Authorized By: 4729.26, 4729.54, 4729.55, 4729.515
Amplifies: 4729.26, 4729.54, 4729.55, 4729.515
Five Year Review Date: 4/1/2026
Rule 4729:5-3-20 | Pharmacy pilot or research projects.
 

(A) The purpose of this rule is to specify the process and procedures to be followed when a licensee petitions for approval of a pilot or research project for innovative system applications in the practice of pharmacy that are not currently permitted under agency 4729 of the Administrative Code. In reviewing projects, the board shall consider only projects that expand pharmaceutical care services that contribute to positive patient outcomes.

(B) A project shall not expand the definition of the practice of pharmacy as set forth in Chapter 4729. of the Revised Code and shall not apply to licensees regulated under Chapter 3796. of the Revised Code.

(C) Approval of a project by the board may include the grant of a limited exception to or a waiver of rules adopted under Chapter 4729. of the Revised Code.
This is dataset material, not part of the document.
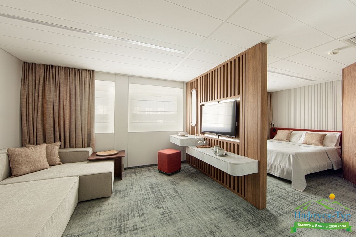 В каюте: двуспальная кровать, шкаф для одежды, сейф, телевизор, холодильник, радио, обзорное окно, душ, санузел, кондиционер, фен, электророзетка на 220V. Площадь каюты до 14,32 м2.

Project approval, including limited exception to or waiver of board rules, shall initially be for a specified period of time not exceeding twenty-four months from commencement of the project.

(D) Following the completion of the project period, the board may do any of the following based upon a review of the final project report submitted in accordance with paragraph (I) of this rule and any other factors or information the board deems necessary:

(1) Refuse to extend or renew the project;

(2) Approve the extension or renewal of a project following consideration of a petition that clearly identifies the need for extension and must include a report similar to the final project report, which should describe and explain any proposed changes to the originally approved and implemented project, and that justifies the need for extending or renewing the term of the project; or

(3) Approve the project in perpetuity following a consideration of a petition that clearly identifies and justifies the need to continue the project indefinitely.
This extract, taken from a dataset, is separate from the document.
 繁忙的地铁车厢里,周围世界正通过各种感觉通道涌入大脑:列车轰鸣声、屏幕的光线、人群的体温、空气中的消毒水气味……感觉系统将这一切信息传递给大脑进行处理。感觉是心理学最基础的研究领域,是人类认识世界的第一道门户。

(E) A licensee who wishes the board to consider approval of a project shall submit to the board a petition for approval that contains at least the following information:

(1) Responsible pharmacist. Name, address, telephone number, and pharmacist license number of each pharmacist responsible for overseeing the project.

(2) Location of project. Name, address, and telephone number of each specific location and, if a location is a pharmacy, the pharmacy's terminal distributor of dangerous drugs license number where the proposed project will be conducted.
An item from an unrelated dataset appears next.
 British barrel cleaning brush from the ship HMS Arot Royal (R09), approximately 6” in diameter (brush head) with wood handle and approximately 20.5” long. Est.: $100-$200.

(3) Project summary. A detailed summary of the proposed project that includes at least the following information:

(a) The goals, hypothesis, and objectives of the proposed project.

(b) A full explanation of the project and how it will be conducted.

(c) The time frame for the project including the proposed start date and length of the project. The time frame may not exceed eighteen months from the proposed start date of the project.

(d) Background information or literature review to support the proposed project.

(e) The rule or rules to be waived in order to implement the project, an explanation of why such a waiver would not be a detriment to the public, to include procedures to be used during the project to ensure that the public health and safety are not compromised as a result of the waiver, and a request to waive the rule or rules.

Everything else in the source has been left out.